- _Assignment_
Print the lines that start the entries and continue through the one holding "A highly decorative", please, exactly and with the pictures omitted.

[Extracted data entries]
== == ==

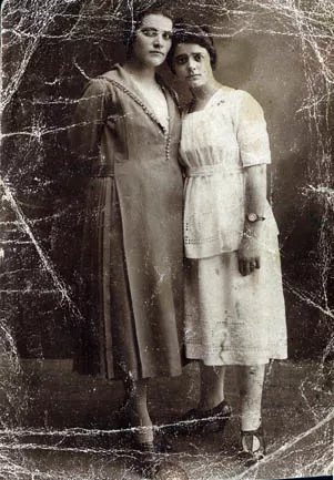 My mother Liza (on the left) with another woman, unfamiliar to me. There is no stamp of a photo shop. There is an inscription in pencil in Bulgarian which has almost gone blank and is totally illegible. On top of it, obviously much later, was written the year 1916 in ink, so apparently the photo was taken at that time. In Sofia.
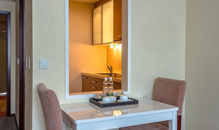 В номере: вешалка, зеркало, кровать двуспальная, набор мягкой мебели, прикроватные тумбочки, стол, стулья, шкаф, Мини-кухня, мини-холодильник, сейф, сплит-система, телевизор, телефон, чайный набор посуды, электрочайник
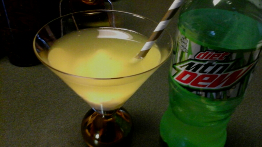 Normally I use lime flavored Sparkling Ice drink, but I didn’t have time to run to Safeway today. The original recipe calls for Mountain Dew, ice cream and green food coloring. My version is:
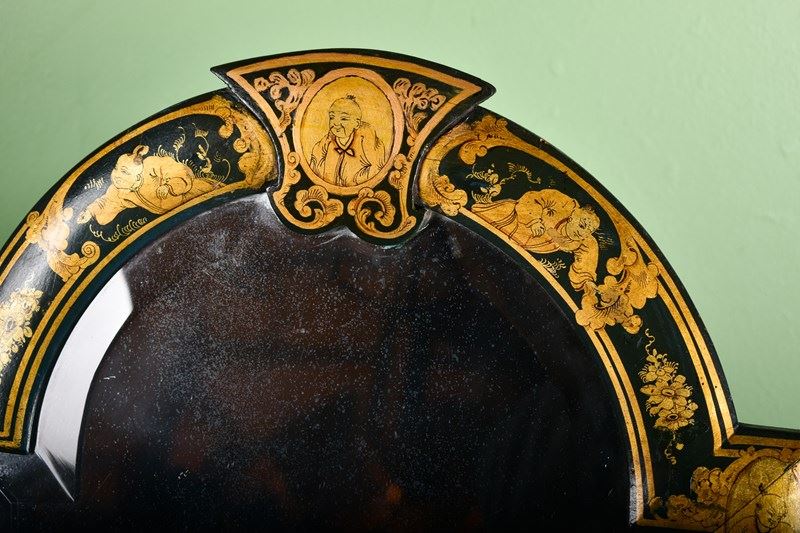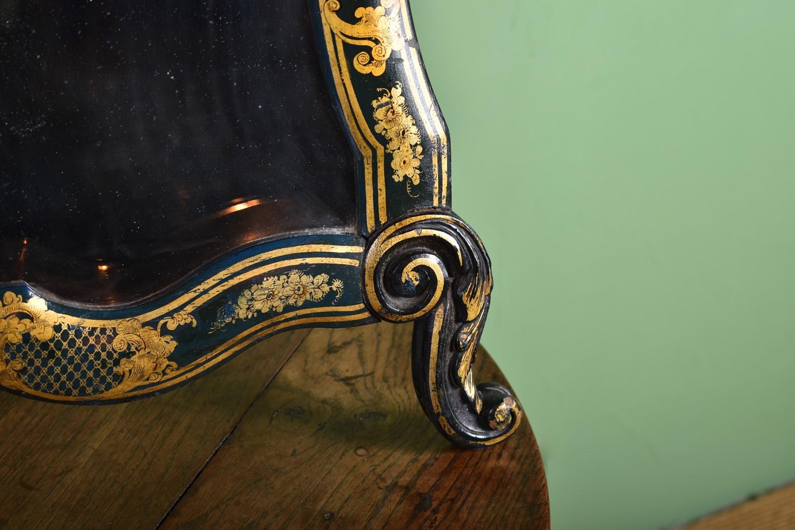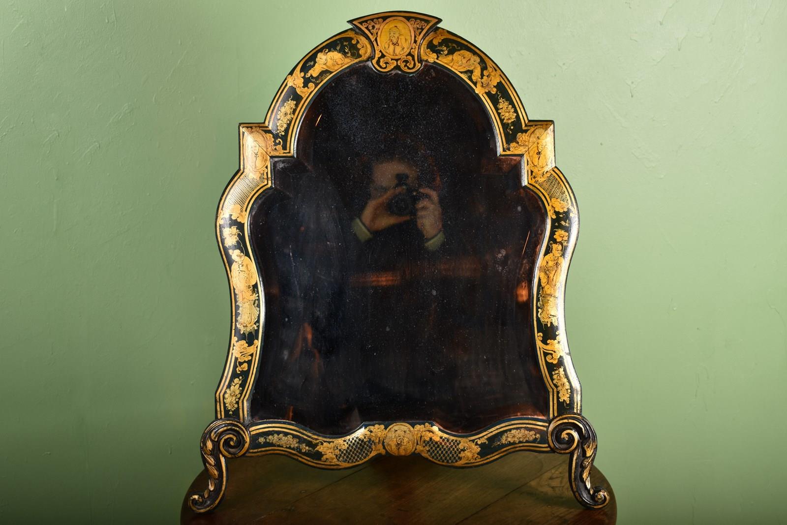 A highly decorative green chinoiserie decorated dressing table mirror.
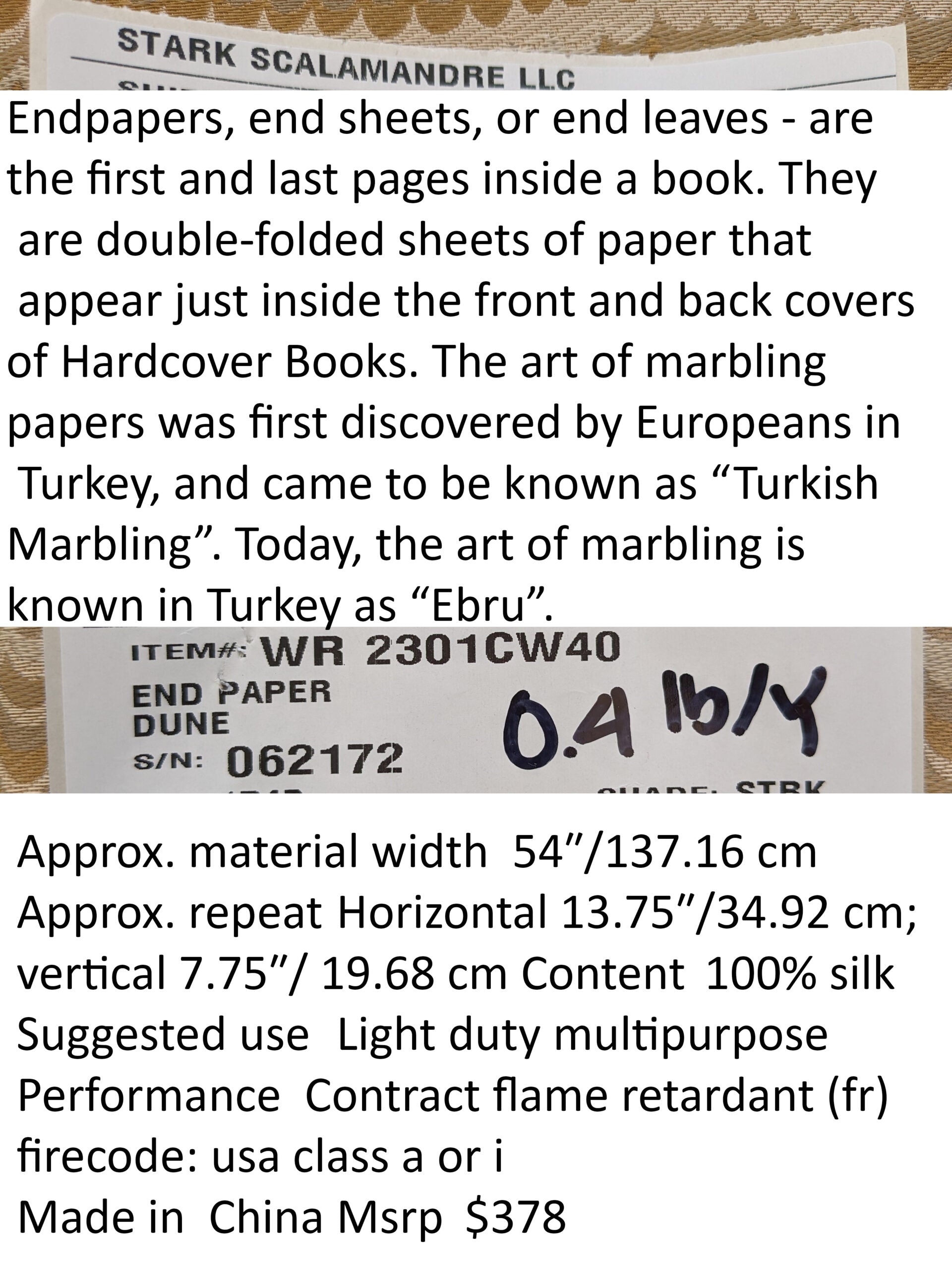 Endpapers, also called end sheets or end leaves – are the first and last pages inside a book. They are double-folded sheets of paper that appear just inside the front and back covers of Hardcover Books. The art of marbling papers was first discovered by Europeans in Turkey, and came to be known as “Turkish Marbling”. Today, the art of marbling is known in Turkey as “Ebru”. Scalamandré’s glamorous interpretation of a classic feather-like marble pattern known as “Nonpareil” is woven in a lustrous blend of silk and viscose, for a nearly iridescent surface with an incredible drape. The colorations are rich and exotic, almost jewel-like in their blend of shimmering, saturated hues.
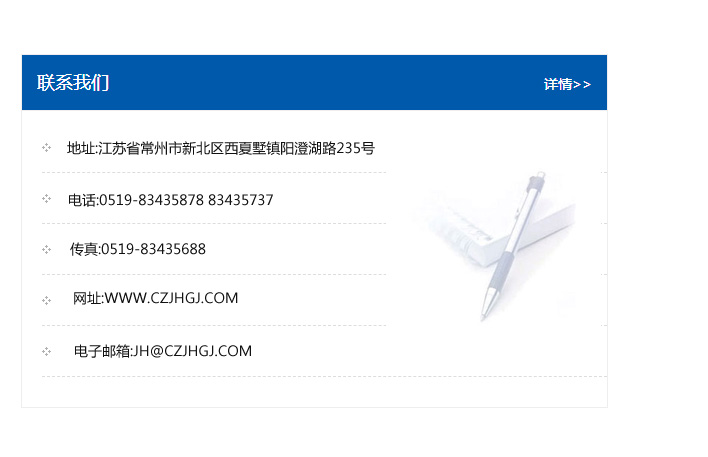 地址:常州市新北區友邦商務大廈1幢16、17層  電話:0519-85101652  傳真:0519-85112595  郵編:213022  網址:www_cz-jiayue_cn.tianyugjg.com  郵箱:xiajifengaa@163.com

== == ==

- _Finished task_
 My mother Liza (on the left) with another woman, unfamiliar to me. There is no stamp of a photo shop. There is an inscription in pencil in Bulgarian which has almost gone blank and is totally illegible. On top of it, obviously much later, was written the year 1916 in ink, so apparently the photo was taken at that time. In Sofia.
 В номере: вешалка, зеркало, кровать двуспальная, набор мягкой мебели, прикроватные тумбочки, стол, стулья, шкаф, Мини-кухня, мини-холодильник, сейф, сплит-система, телевизор, телефон, чайный набор посуды, электрочайник
 Normally I use lime flavored Sparkling Ice drink, but I didn’t have time to run to Safeway today. The original recipe calls for Mountain Dew, ice cream and green food coloring. My version is:
 A highly decorative green chinoiserie decorated dressing table mirror.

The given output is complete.